**GIVEN DATA:**

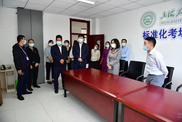 10月21日,金山区副区长葛钧一行来校调研指导自学考试考点工作。区府办、区教育局、公安金山分局、区卫健委、区政务服务办、石化街道等相关部门负责人,学校党委书记高炬、校长陈晓斌陪同调研。
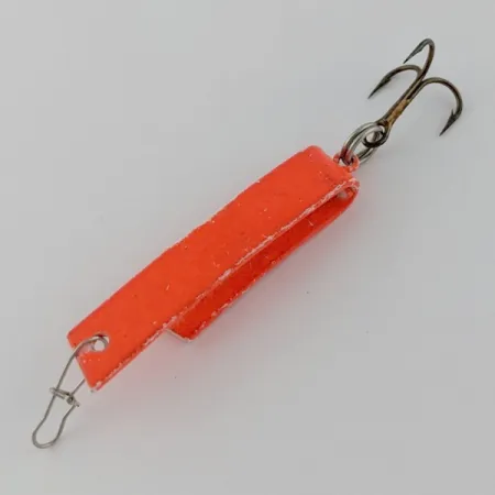Fluoresoiva kirkkaan vaaleanpunainen maali peittää tämän 1/8 oz (4,3 g) Luhr Jensen Super-Duper 503 -vieheen erottuvan taitetun metallirungon. Tuotekoodilla 24051 varustettu yksilö korostaa epätavallista U-muotoista muotoilua, joka on tehnyt mallista perusvarusteen amerikkalaisille lohenkalastajille. Tasan 3,5 cm (1 1/2 tuumaa) pitkä viehe on suunniteltu tarttumaan veteen ja luomaan uivan liikkeen joko uistellessa tai heitettäessä ohuella siimalla. Tämä Yhdysvalloissa valmistettu yksilö on kuntoluokitukseltaan 4/5, ja sen pinta on siisti, sisältäen vain vähäistä luonnollista kulumaa reunoilla. Se on varustettu alkuperäisillä osilla, mukaan lukien terävä kolmihaarakoukku ja etuosaan asennettu lukkoleikari. Vieheen käyttöalue ulottuu korkeiden vuoristojen lohijärviltä paikallisiin ahvenlampiin.
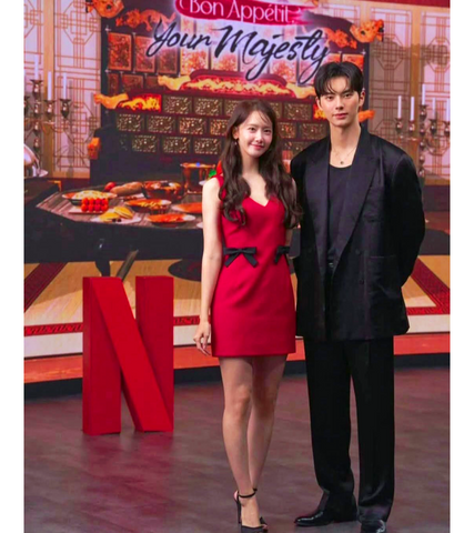 If you are a fan of Yeon Ji-Young's simple yet stylish wardrobe then you definitely shouldn't miss this gorgeous and fiery hot dress with cute bow ribbons inspired by the outfit that Lim Yoon-A has been spotted wearing for the Netflix's preview party of "Bon Appétit, Your Majesty"!
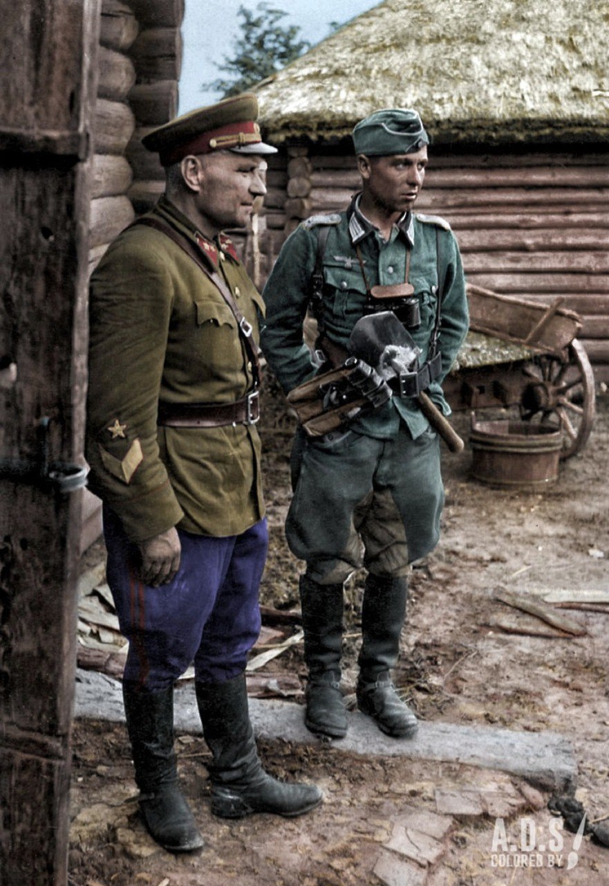 Командир 21 стрелкового корпуса генерал-майор Дмитрий Ефимович Закутный (1897 — 1946) в сопровождении немецкого лейтенанта из 110-го пехотного полка (Infanterie-Regiment 110) 112-й пехотной дивизии (112.Infanterie-Division) вермахта вскоре после сдачи в плен. Д.Е. Закутный — генерал-майор РККА, с 23 июля 1941 назначен командиром 21-го стрелкового корпуса в составе Западного фронта с должности начальника штаба корпуса вместо генерал-майора В.Б.Борисова, погибшего 30 июня при выходе корпуса из окружения. 26 июля под Гомелем 21 стрелковый корпус был окружен повторно. 27 июля в районе посёлка Большая Зимница, юго-восточнее Быхова, командир корпуса Д. Е. Закутный попал в плен. На первых же допросах выразил готовность к сотрудничеству с немцами. В августе 1944 года Закутный был откомандирован в распоряжение Власова и включился в работу по созданию «Комитета освобождения народов России» и подготовке «Манифеста КОНР». Отвечал за агитацию и вербовку добровольцев в РОА. 20 мая 1945 года в городе Фюссене (Германия) задержан немецкой полицией, созданной американцами, и помещен в тюрьму. 13 июня 1945 года Закутный был передан американской стороной советскому командованию. 1 августа 1946 года Закутный был приговорен Военной коллегией Верховного суда СССР к смертной казни. Повешен в тот же день вместе с генералом Власовым.
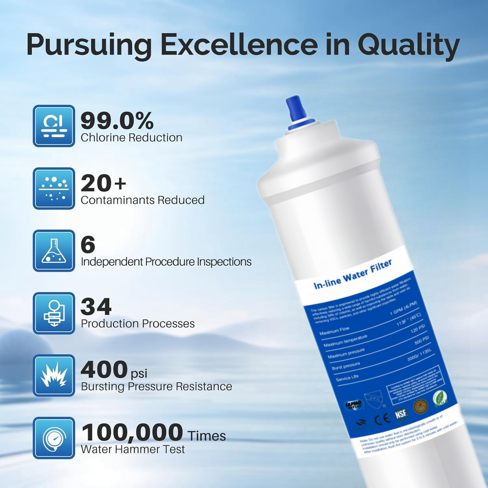 Cartouche de Filtre à Eau Haute Performance 5 Microns, Charbon Actif T33, Cartouche Filtrante en Ligne PP de Haute Qualité
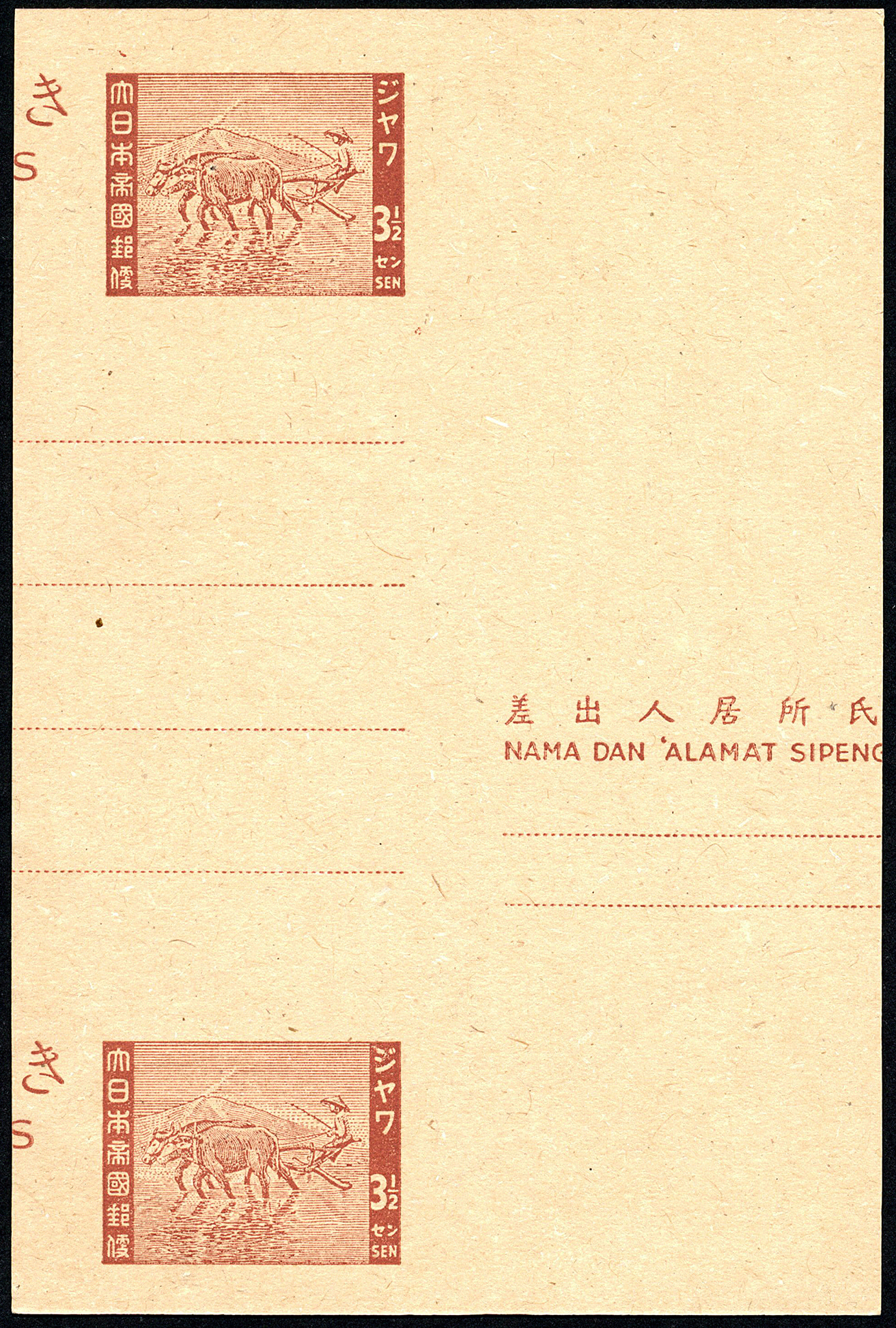 Java. Wrongly cut proof of 121.5 x 81 mm for a 3½ sen postcard in red-brown, Japanese type of a ploughing buffalo, Bu.6A
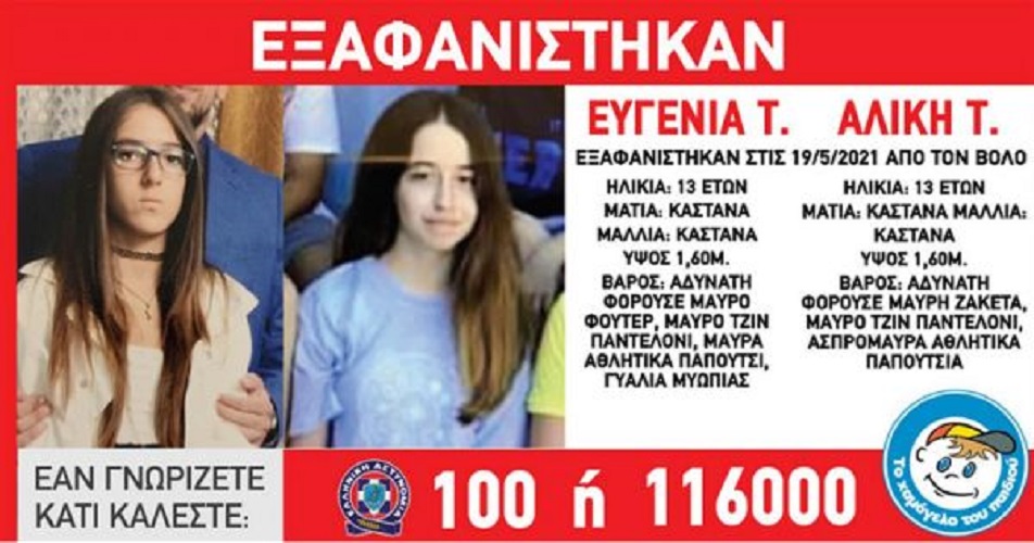 Συγκεκριμένα, στις 19 Μαΐου 2021 μεσημεριανές ώρες, εξαφανίστηκαν από το σπίτι τους στην περιοχή του Βόλου, οι ανήλικες Ευγενία Τ., 13 ετών, και Αλίκη Τ., 13 ετών.

**WHAT YOU NEED TO DO:** What is needed is every line from the one with "Java. Wrongly cut" to the final line of the listing above, set down exactly and with the pictures left out.

**ANSWER BELOW:**
 Java. Wrongly cut proof of 121.5 x 81 mm for a 3½ sen postcard in red-brown, Japanese type of a ploughing buffalo, Bu.6A
 Συγκεκριμένα, στις 19 Μαΐου 2021 μεσημεριανές ώρες, εξαφανίστηκαν από το σπίτι τους στην περιοχή του Βόλου, οι ανήλικες Ευγενία Τ., 13 ετών, και Αλίκη Τ., 13 ετών.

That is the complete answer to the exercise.